-- WHAT TO WORK ON --
Nothing but the pictures should be dropped; repeat the rest of the data below exactly.

-- DATASET EXCERPT --
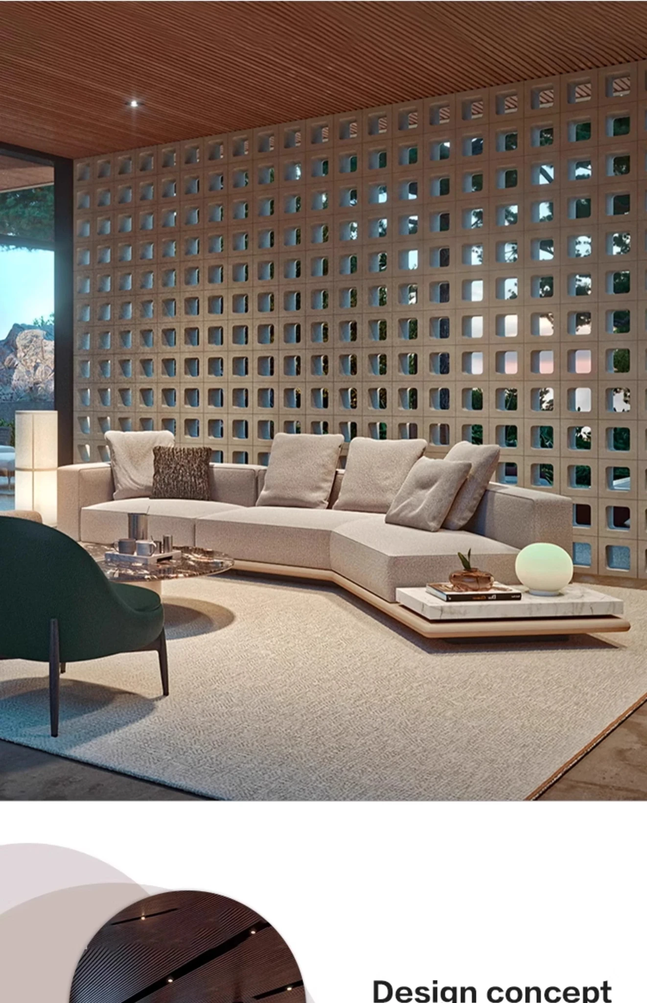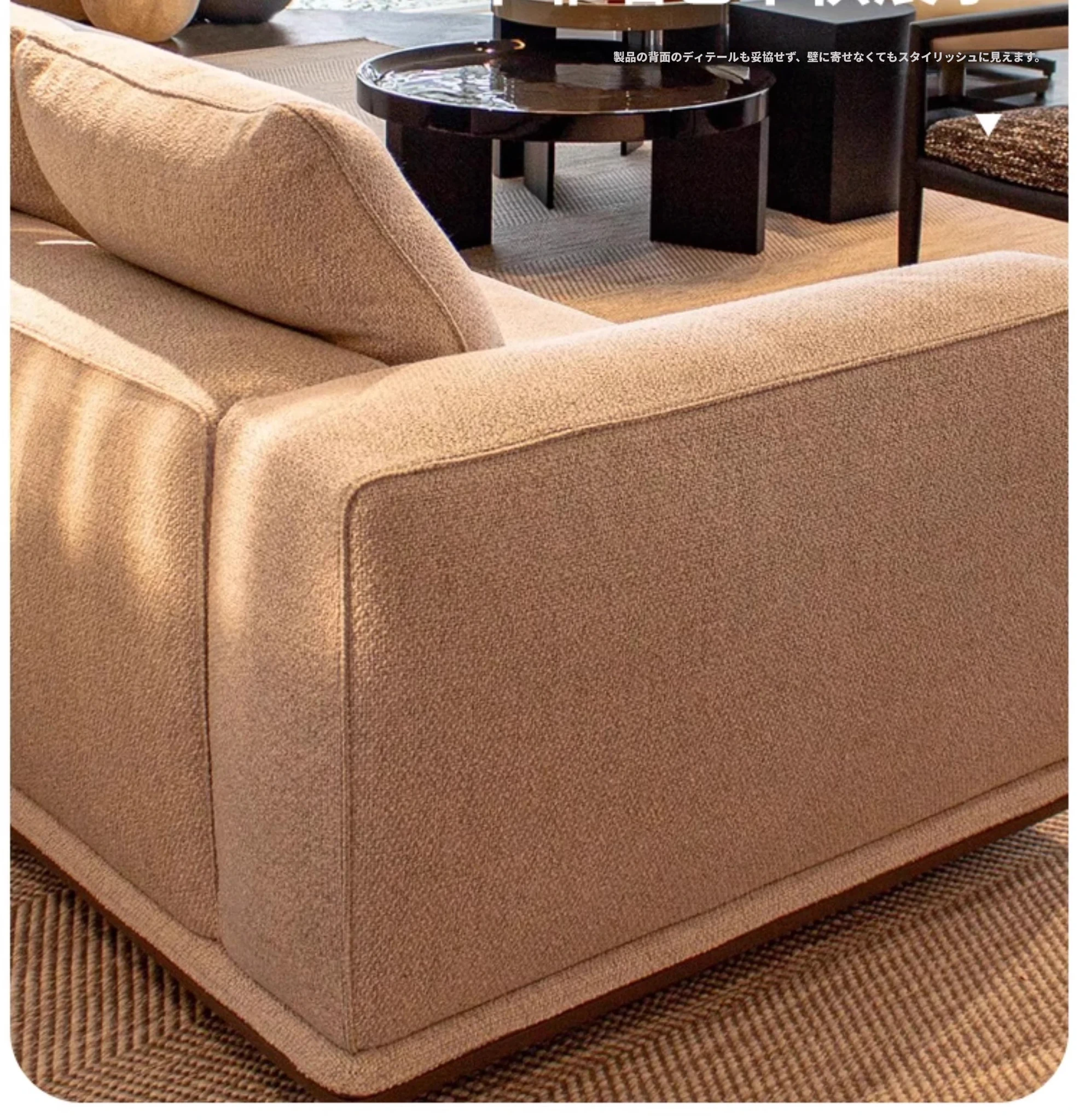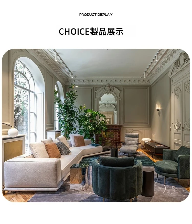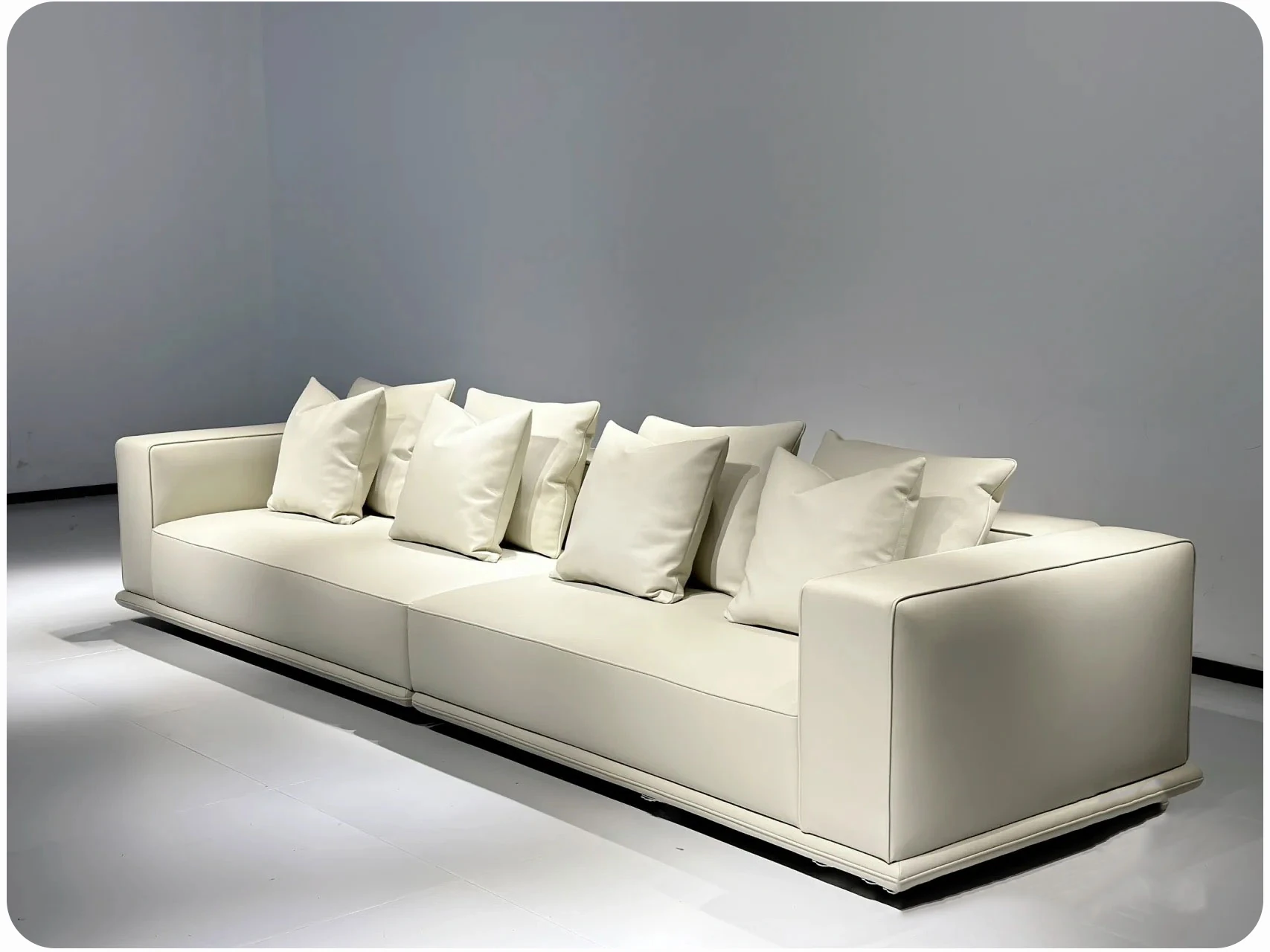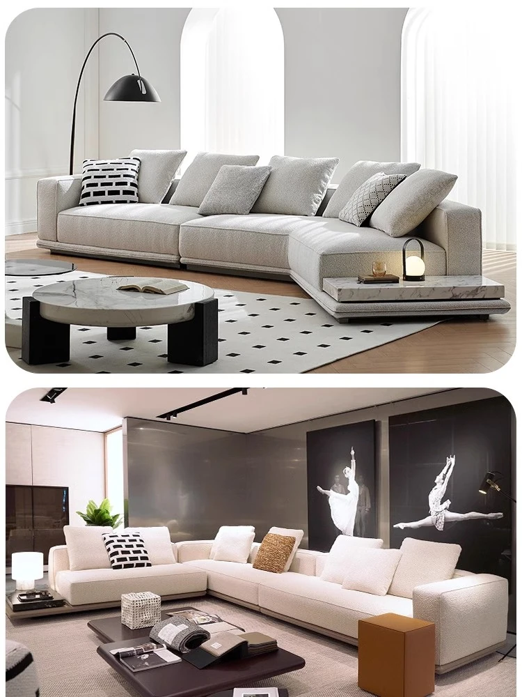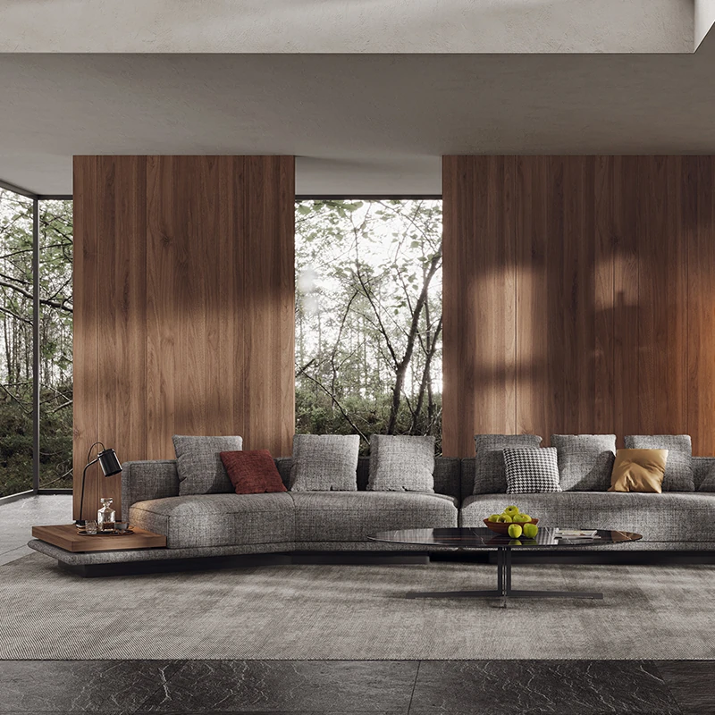 イタリアンミニマルデザインの「Horizonte」地平線ソファ - モダンで洗練された大空間向け、ラグジュアリーなヴィラに最適なリビングルーム用布製ソファ。洗練されたスタイルで、居心地の良い空間を演出します。
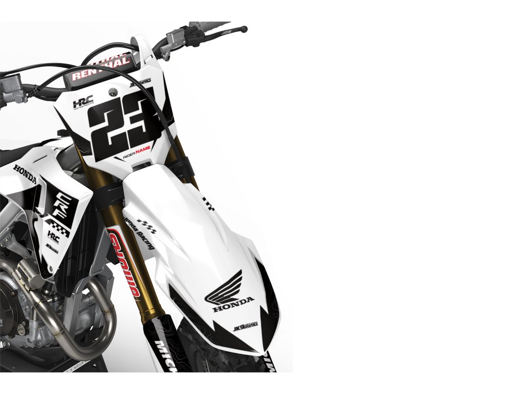 - Bestellen Sie Ihr Dekor – geben Sie Ihre Daten an (Name, Nummer, Logos, Motorradmodell).
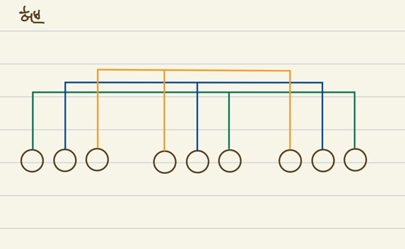 - 케스케이드 연결: 연결한 장치가 더 많아지면 포트 중 하나를 다른 허브에 연결해서 연결 대수를 늘림

-- RESULT OF THE TASK --
 イタリアンミニマルデザインの「Horizonte」地平線ソファ - モダンで洗練された大空間向け、ラグジュアリーなヴィラに最適なリビングルーム用布製ソファ。洗練されたスタイルで、居心地の良い空間を演出します。
 - Bestellen Sie Ihr Dekor – geben Sie Ihre Daten an (Name, Nummer, Logos, Motorradmodell).
 - 케스케이드 연결: 연결한 장치가 더 많아지면 포트 중 하나를 다른 허브에 연결해서 연결 대수를 늘림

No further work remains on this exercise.